Intellectual Merit: Data-intensive Scalable Computing (DISC) is increasingly important to peta-scale problems, from search engines and social networks to biological and scientific applications. Already datacenters built to support large-scale DISC computing operate at staggering scale, housing up to hundreds of thousands of compute nodes, exabytes of storage, and petabytes of memory. Current DISC systems have addressed these data sizes through scalability, however the resulting per-node performance has lagged behind per-server capacity by more than an order of magnitude. For example, in current systems as much as 94% of available disk I/O and 33% of CPU remain idle. This results in unsustainable cost and energy requirements.
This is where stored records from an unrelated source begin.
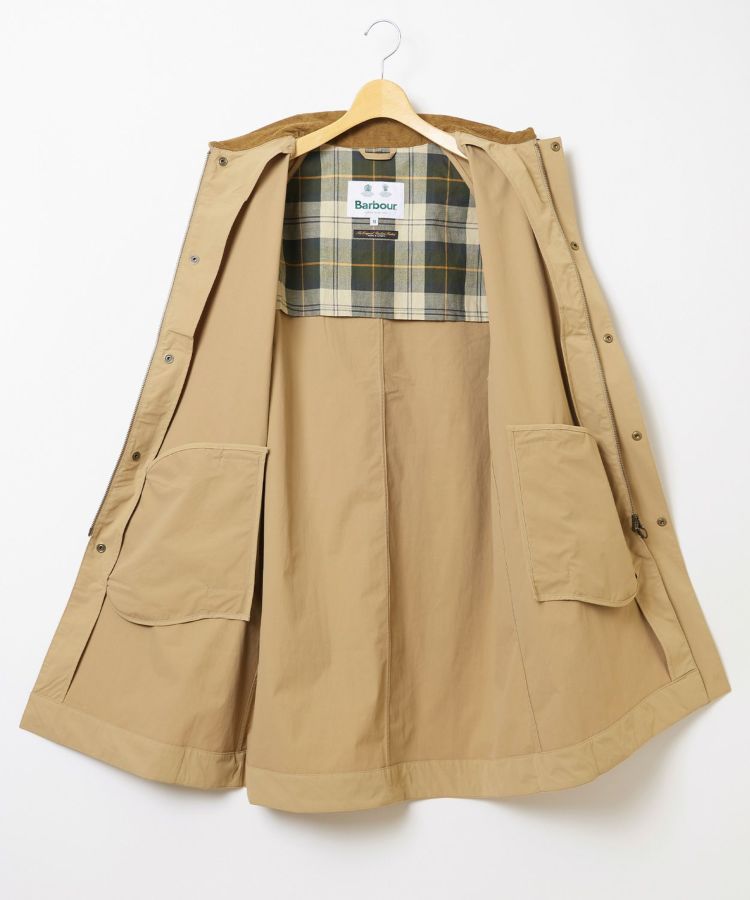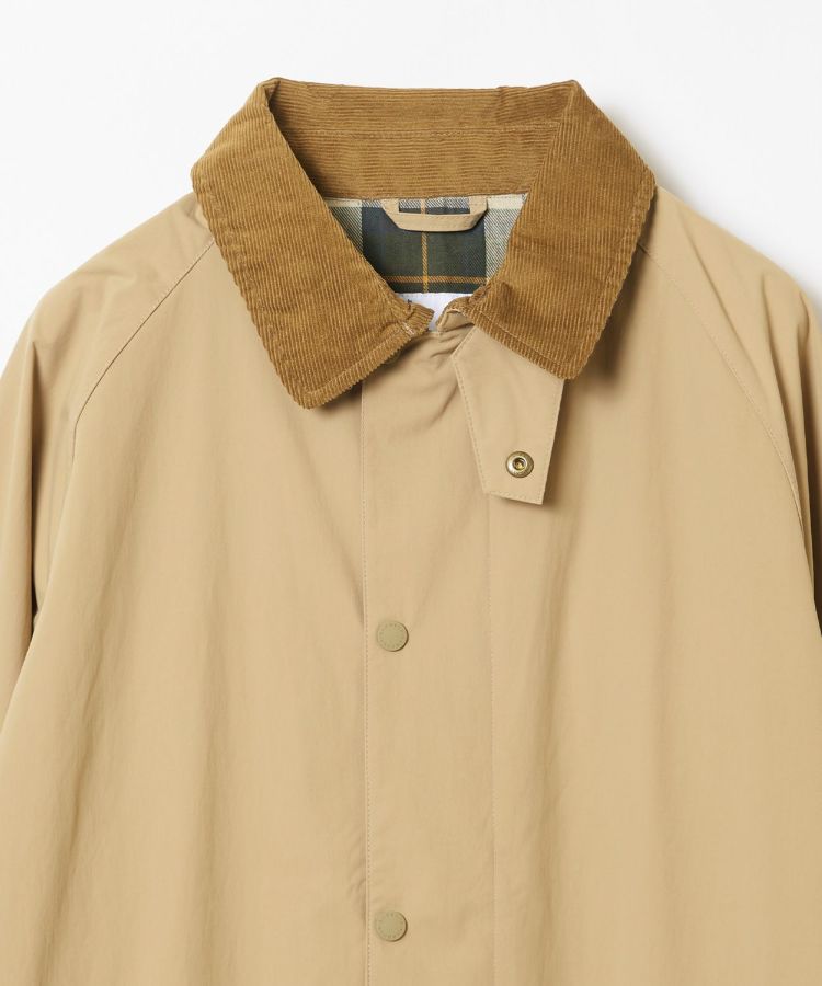 可動域の広いラグランスリーブやダブルジップなど、バブアー特有の機能的なデザインはそのままに、ハンドウォーマーポケットを配備し見た目はすっきりとシンプルに。コーデュロイの衿はチンストラップを備えており、衿を立てた時もしっかりホールドしてくれます。袖口には調節可能なスナップボタンを備えています。
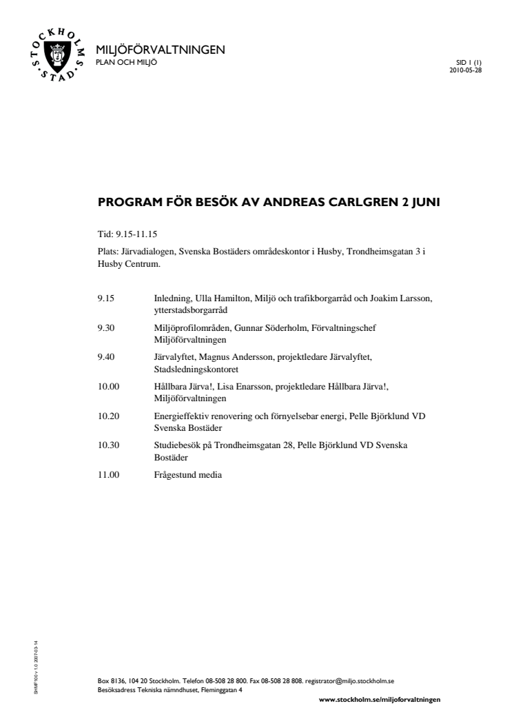 I morgon tisdag 2/6 besöker miljöminister Andreas Carlgren Husby och Järvafältet för att få veta hur Stockholms stad i olika delar arbetar med ytterstadsutveckling av Järvafältet och i samband med detta med miljöområdesprofileringen av miljonprogrammen, om miljövänliga och energieffektiva renoveringar och moderna energieffektiviseringar.
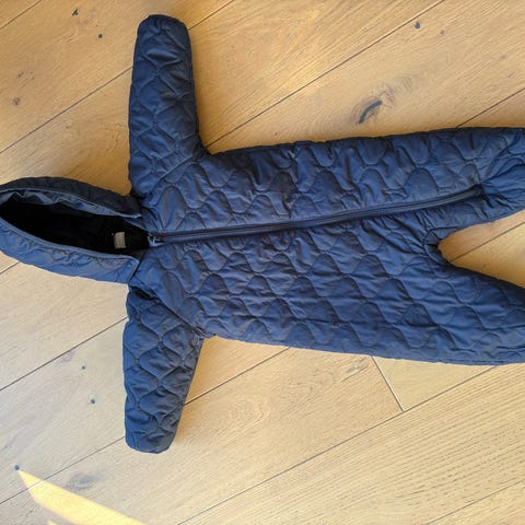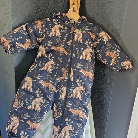 Newbie vinterdress for barn i størrelse 80. Kjeledressen er blå og laget i polyester. Modellen er unisex og har hette med mykt, loddent fôr på innsiden. Den har glidelås foran for enkel av- og påkledning. Strikk nederst ved bena med hemper som kan festes under sko eller sokker for å holde bena på plass. Egnet som ytterdress til små barn i kjøligere vær.
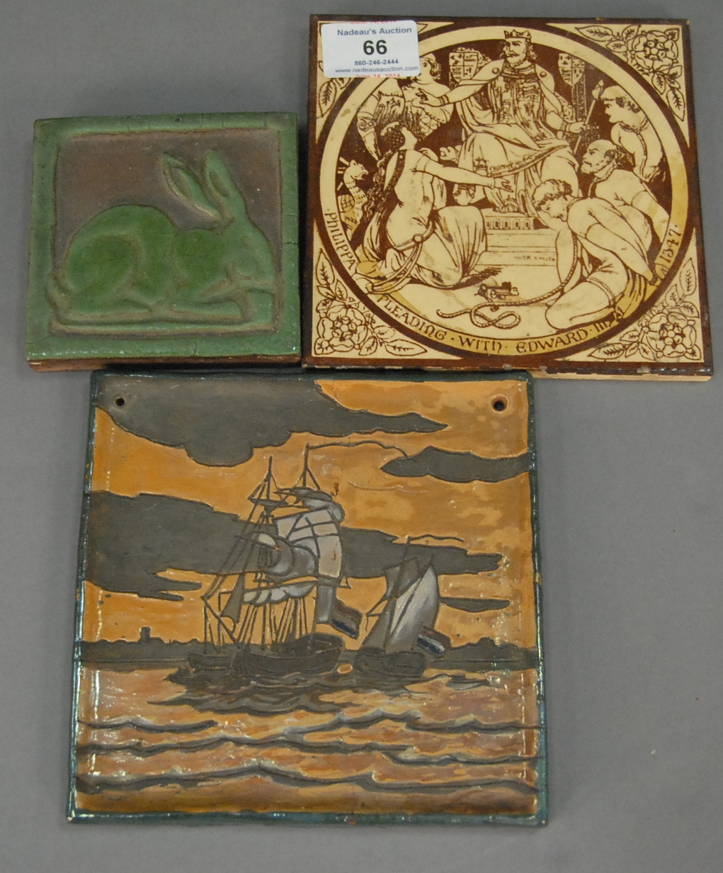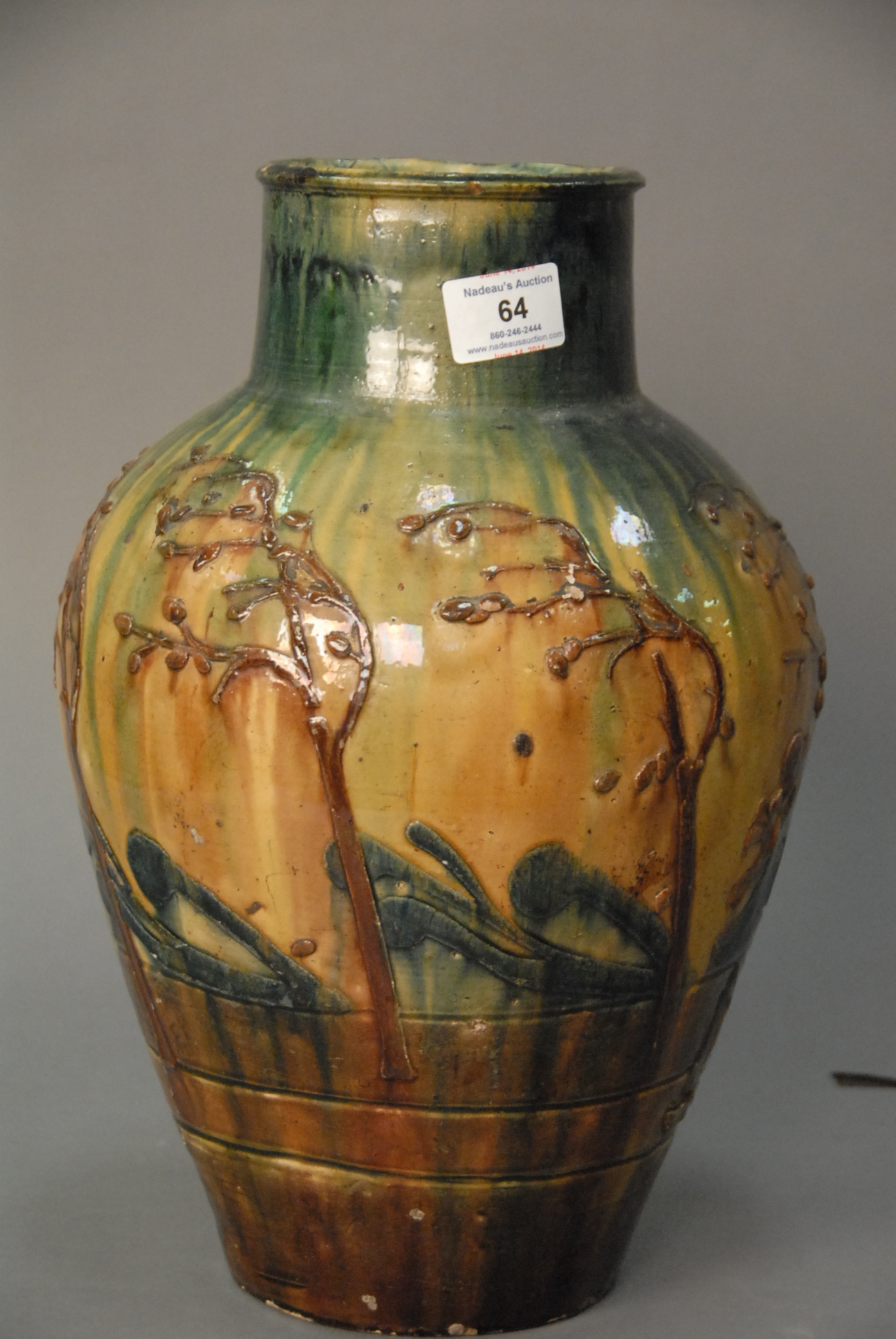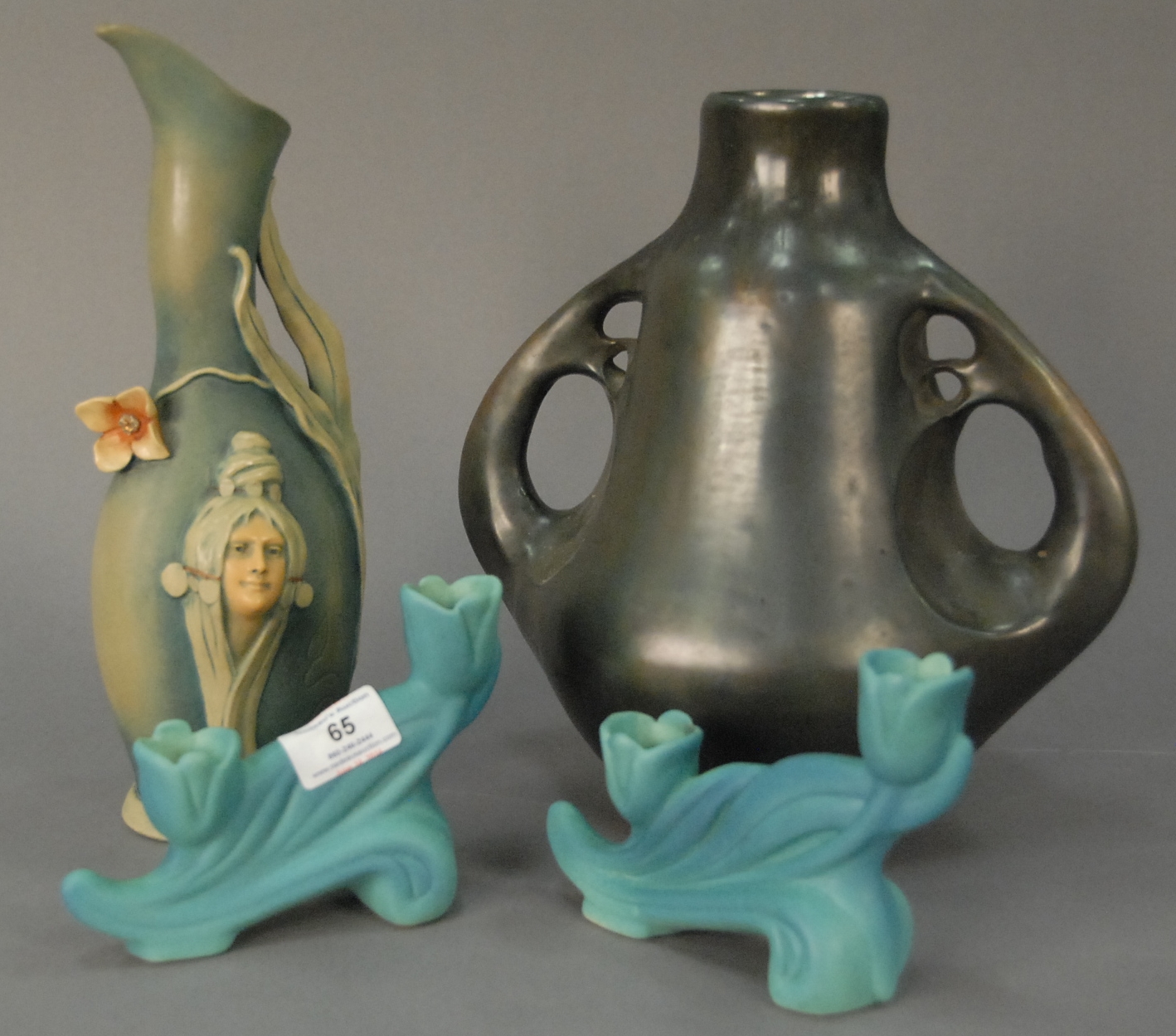 Four piece lot to include Bernard Block art nouveau Nymph vase ht. 12in., Amphora handled vase ht. 11 1/2in., and pair of Van Briggle candle holders ht. 5in.
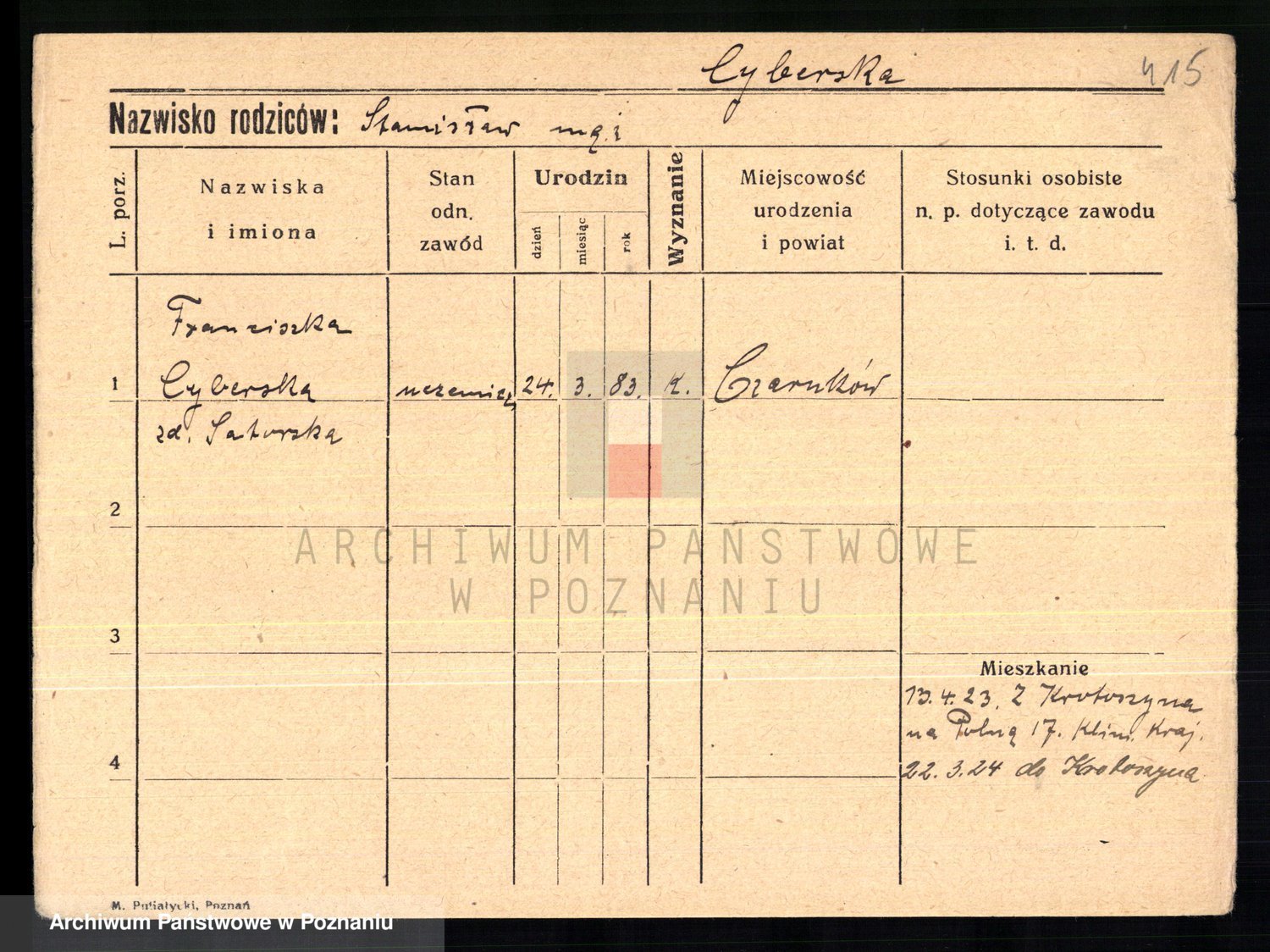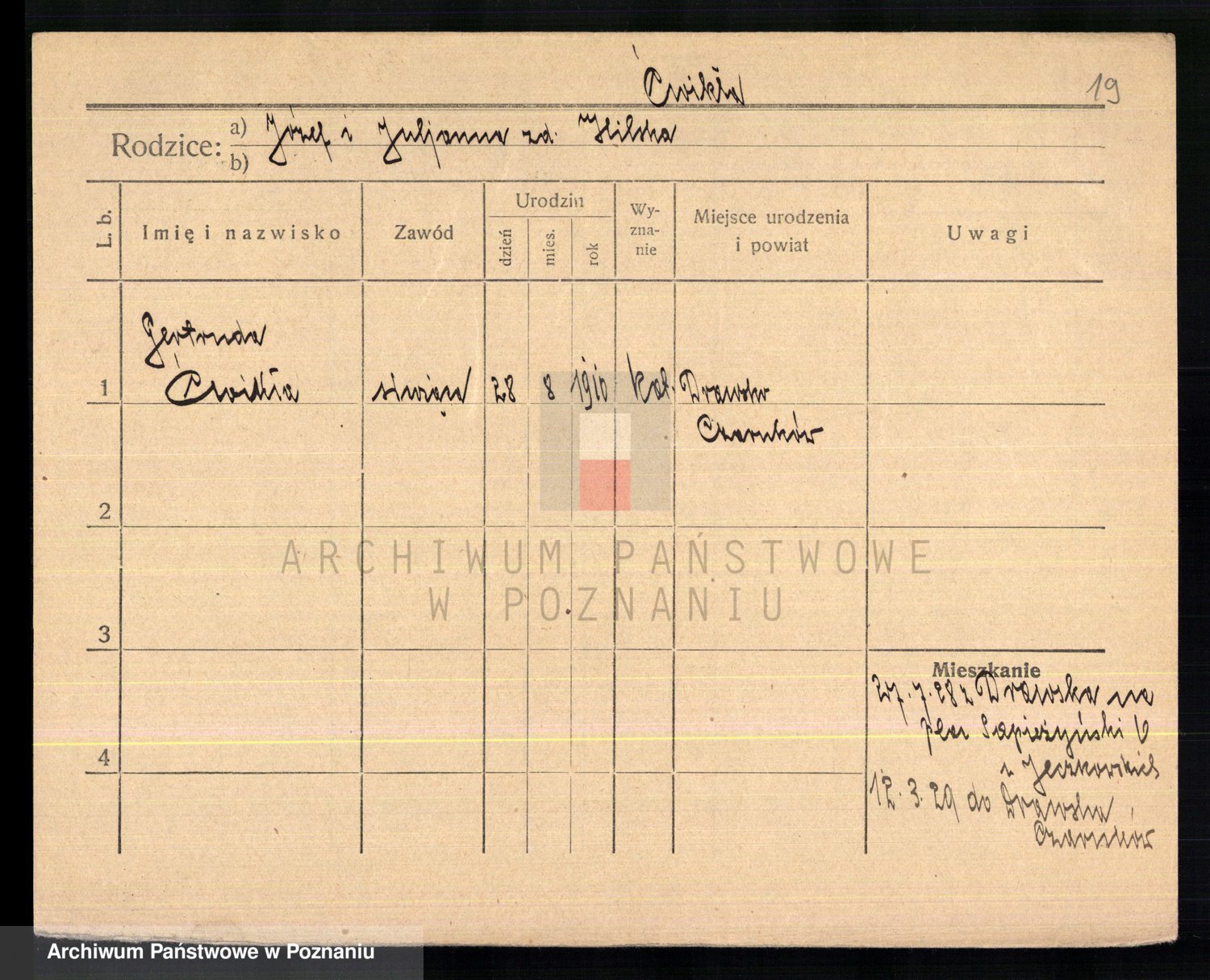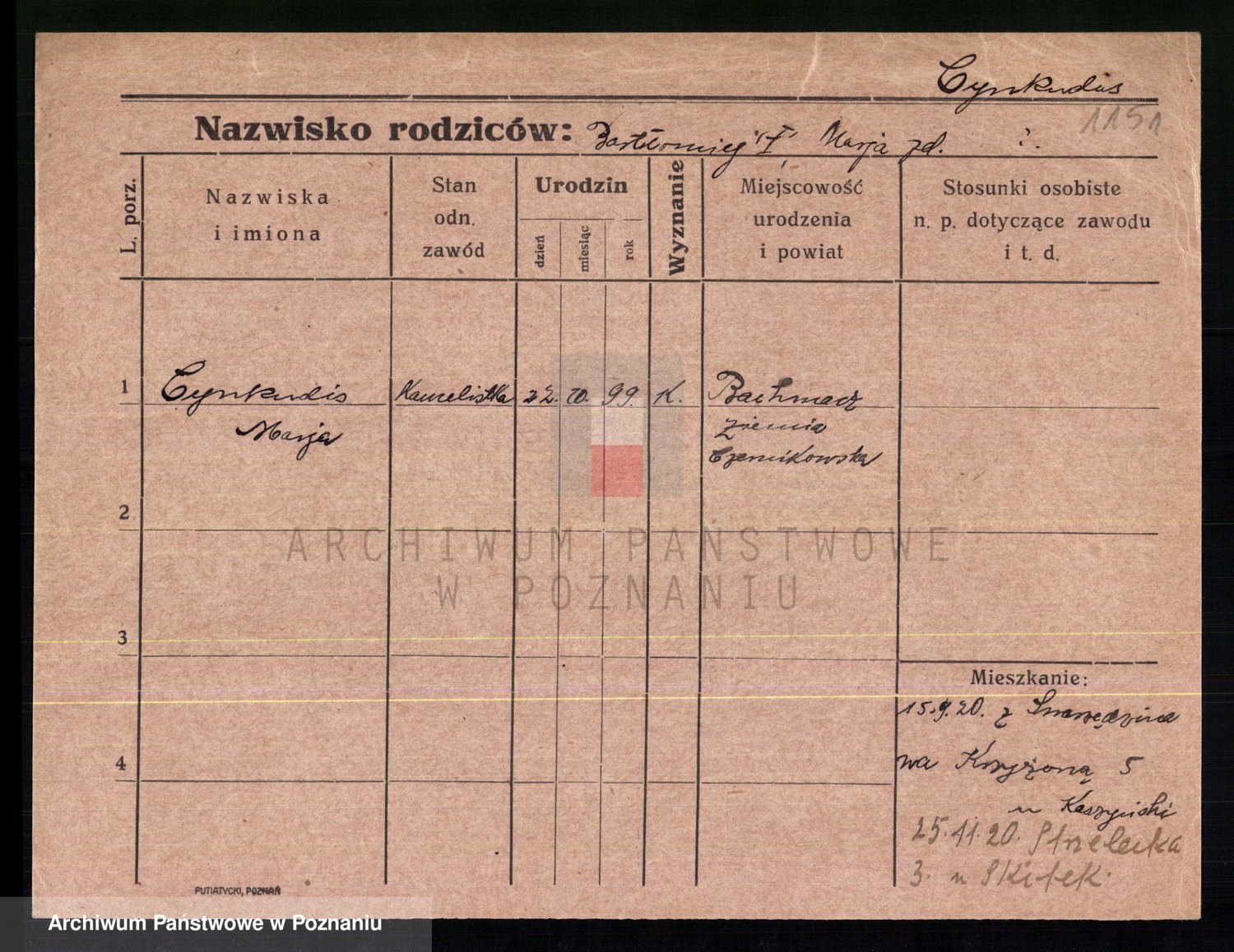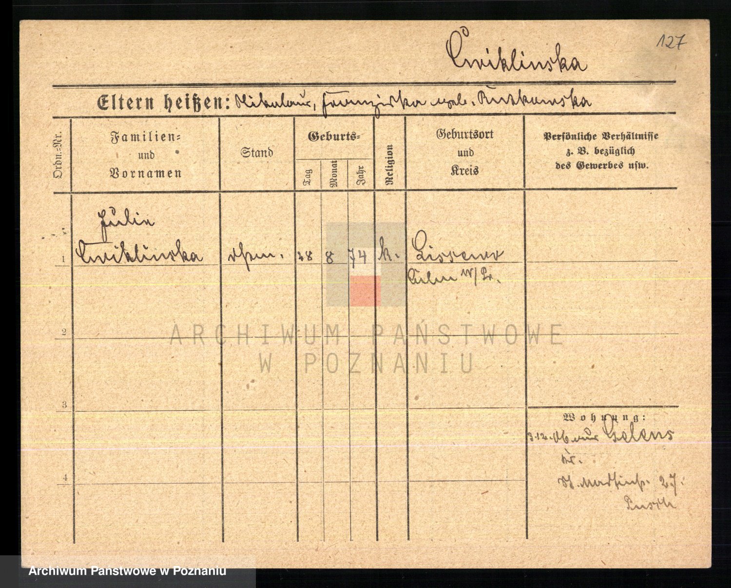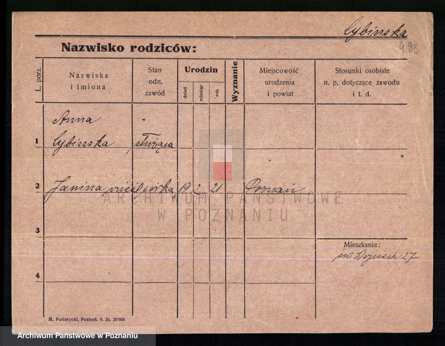 Cwikliński z.d. Przymuszińska, Marja

Meeting future data processing challenges will only be possible if DISC systems can be deployed in a sustainable, efficient manner.
This project focuses on two specific, unaddressed challenges to building and deploying sustainable DISC systems:
-a lack of per-node efficiency and cross-resource balance as the system scales, and -highly-efficient storage fault tolerance tailored to DISC workloads.
This project's approach is to automatically and dynamically ensure cross-resource balance between compute, memory, network, and underlying storage components statically during system design, as well as dynamically during runtime. The goal is to support general DISC processing in a balanced manner despite changing application behavior and heterogeneous computing and storage configurations. This work will result in a fully functional prototype DISC system supporting the Map/Reduce programming model to support general-purpose application programs.
Broader impacts include: -training diverse students, such as undergraduates and underrepresented groups - to understand DISC services as an interesting part of the overall curriculum and as a resource for interdisciplinary collaboration. -a public release of the proposed balanced runtime system, including support for higher-level programming models; -working with industrial partners as part of UCSD's Center for Networked Systems to address sustainability and efficiency issues in this critical portion of industrial and governmental data processing.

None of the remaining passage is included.